Let $p$ be a prime number less than $2000$. Prove that there exists a multiple of $p$ that is a palindrome and has at most $450$ digits.
We can assume that $p>9$ (in the case $p\leq 9$, $p$ is a palindrome itself). One possibility is to look at the numbers $1,10,100,1000,\dots$. If we consider the first $2000$ numbers, some two must have the same remainder when divided by $p$, so this gives $p\mid 10^x-10^y$, and since $\gcd(p,10)=1$, we get $p\mid 10^{x-y}-1$ which is a palindrome. But it can have up to $2000$ digits.

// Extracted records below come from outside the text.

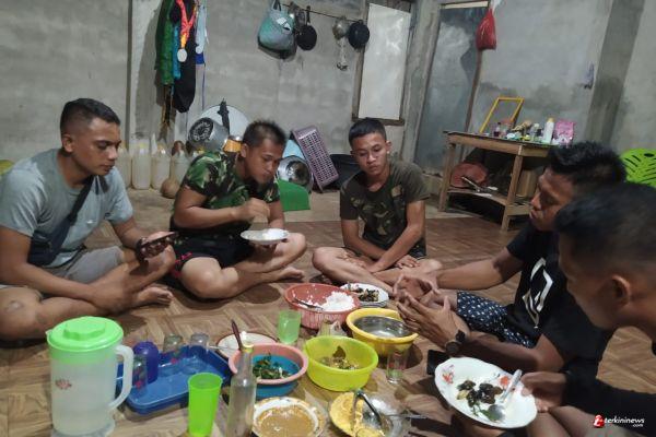 Ibu Helena juga menyambut teman-teman anaknya yang juga merupakan anggota Satgas TMMD 109 / Sintang. Mereka semua mendapat jamuan makan malam.
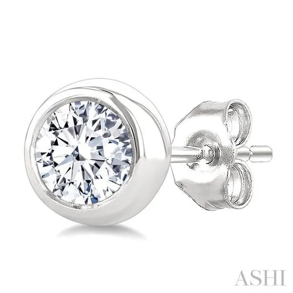 5/8 Ctw Bezel Set Round Cut Diamond Stud Earrings in 14K White Gold Image 3 Adler's Diamonds Saint Louis, MO
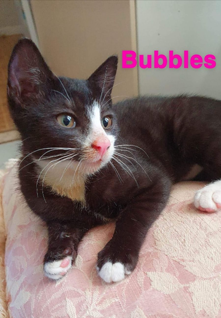 Bubbles is a cheeky little kitten who will look deeply into your eyes and touch your soul. She will climb on your lap for a cuddle but don't let her softness fool you, she will growl like a tiger if her food is threatened.
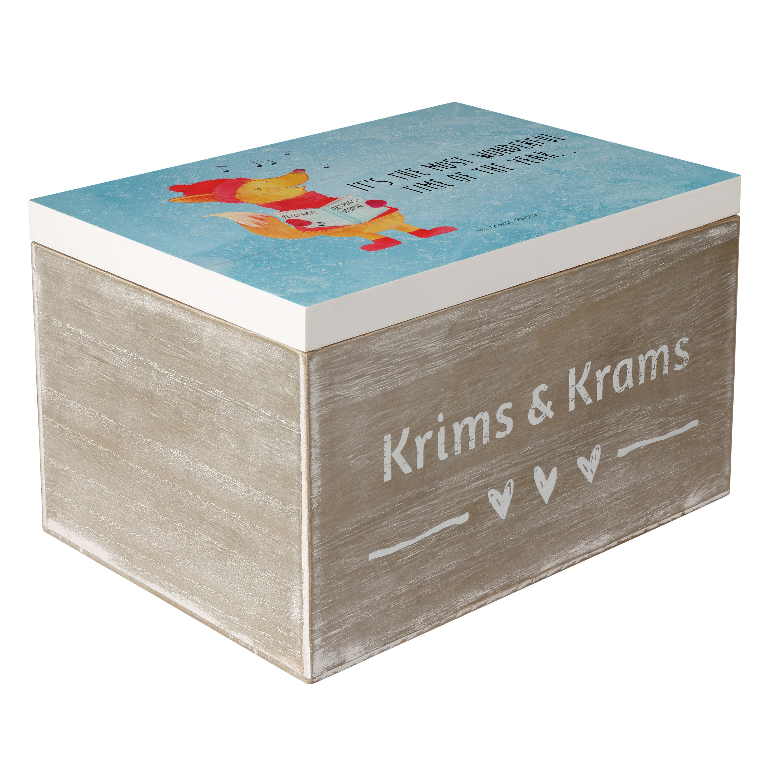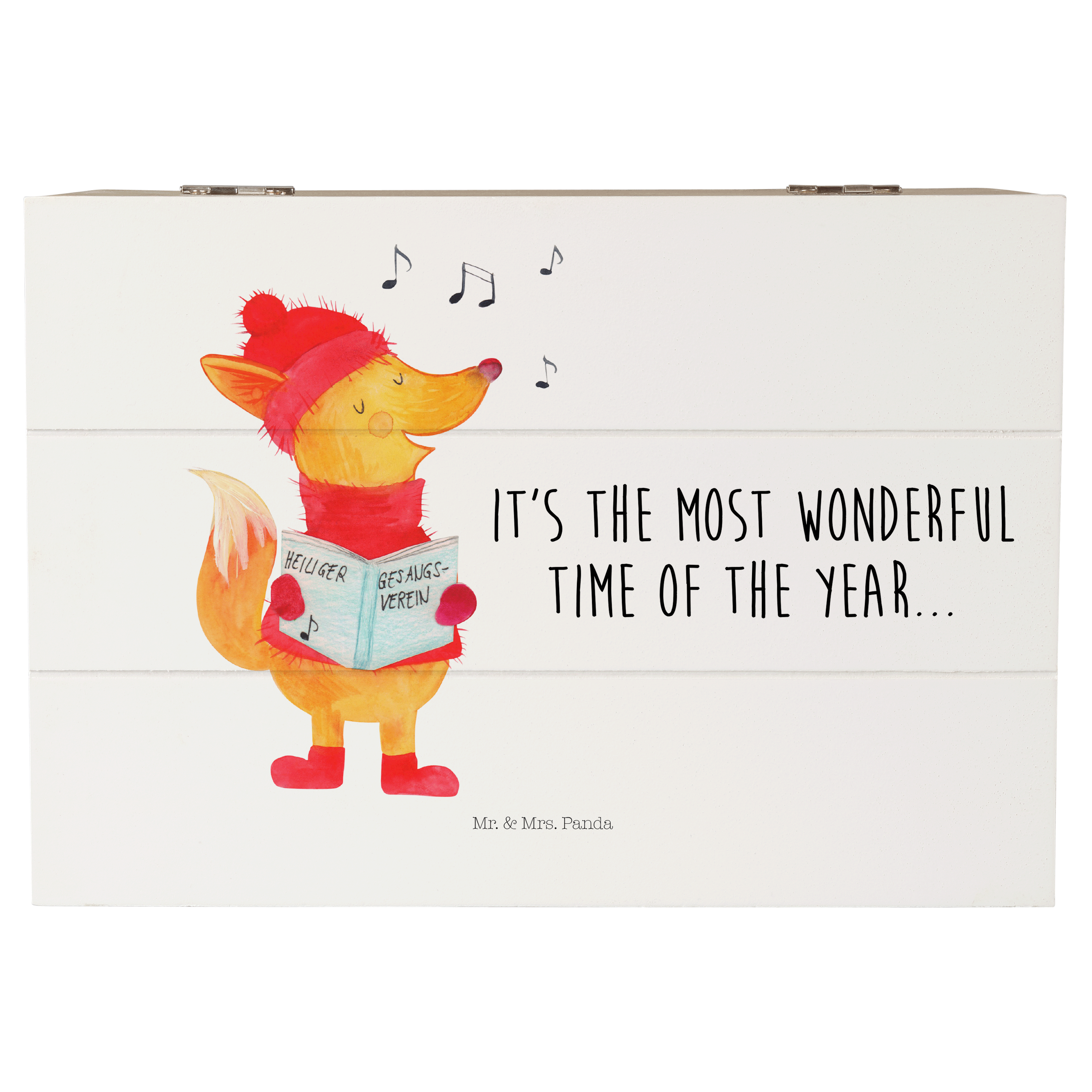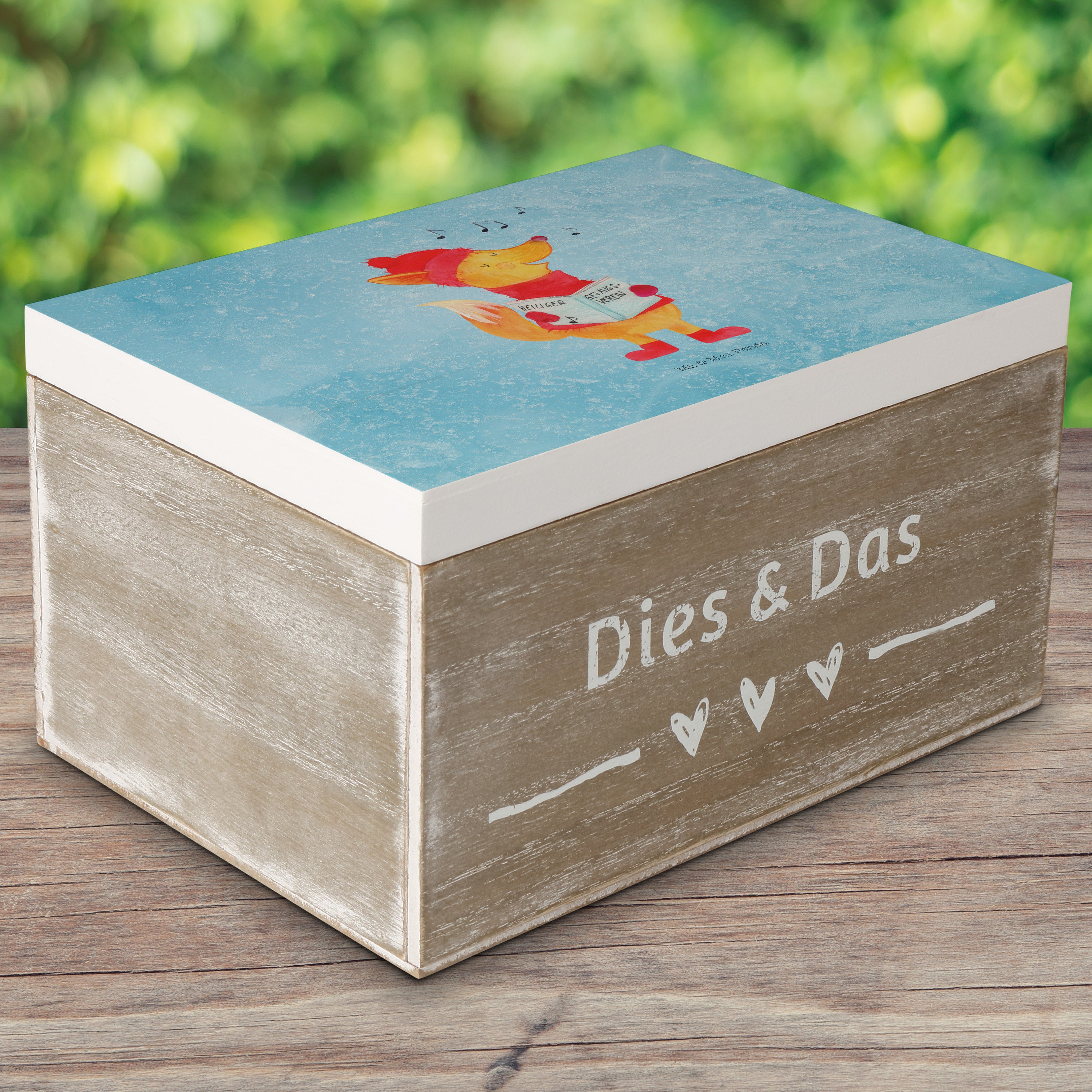 Holzkiste Fuchs Sänger - 25 x 18 cm - mit Spruch - Weiß

Define the sequence $(a_k)_{k=1}^{2007}$ by: $$a_{9k+l}=9\left(\sum_{i=0}^{k-1}(10^{449-i}+10^i)\right)+l(10^{449-k}+10^k)$$ for $0\le k\le 222$ and $1\le k\le 9$
The sequence starts like: \begin{align*} a_1 &= 100\dots001\\ a_2&=200\dots002\\ &\vdots\\ a_9&=900\ldots009\\ a_{10}&=910\dots019\\ a_{11}&=920\dots029\\ &\vdots\\ a_{18}&=990\dots099\\ a_{19}&=991\dots199\\ &\vdots \end{align*}
Since $p<2000$, there are at least two $i\neq j$ with $a_i\equiv a_j\pmod p$, by the pigeonhole principle.
Suppose the first $m$ digits of $a_i$ and $a_j$ are identical, then the last $m$ are as well, since they are symmetric in base $10$. Remove the first and last $m$ digits from $a_i$ and $a_j$ and call the new integers $b$ and $c$. It is clear that $b\neq c$ and $b\equiv c\pmod p$
Suppose WLOG that $b>c$. The sequence has been designed in such a way, that when subtracting $c$ from $b$, there will be no carry-operations.
Now, $b-c$ is the difference between two palindromes with the same number of digits with different first digits and when taking the difference, there will be no carry operations. This means that $b-c$ is a palindrome of at most $450$ digits, which is divisible by $p$.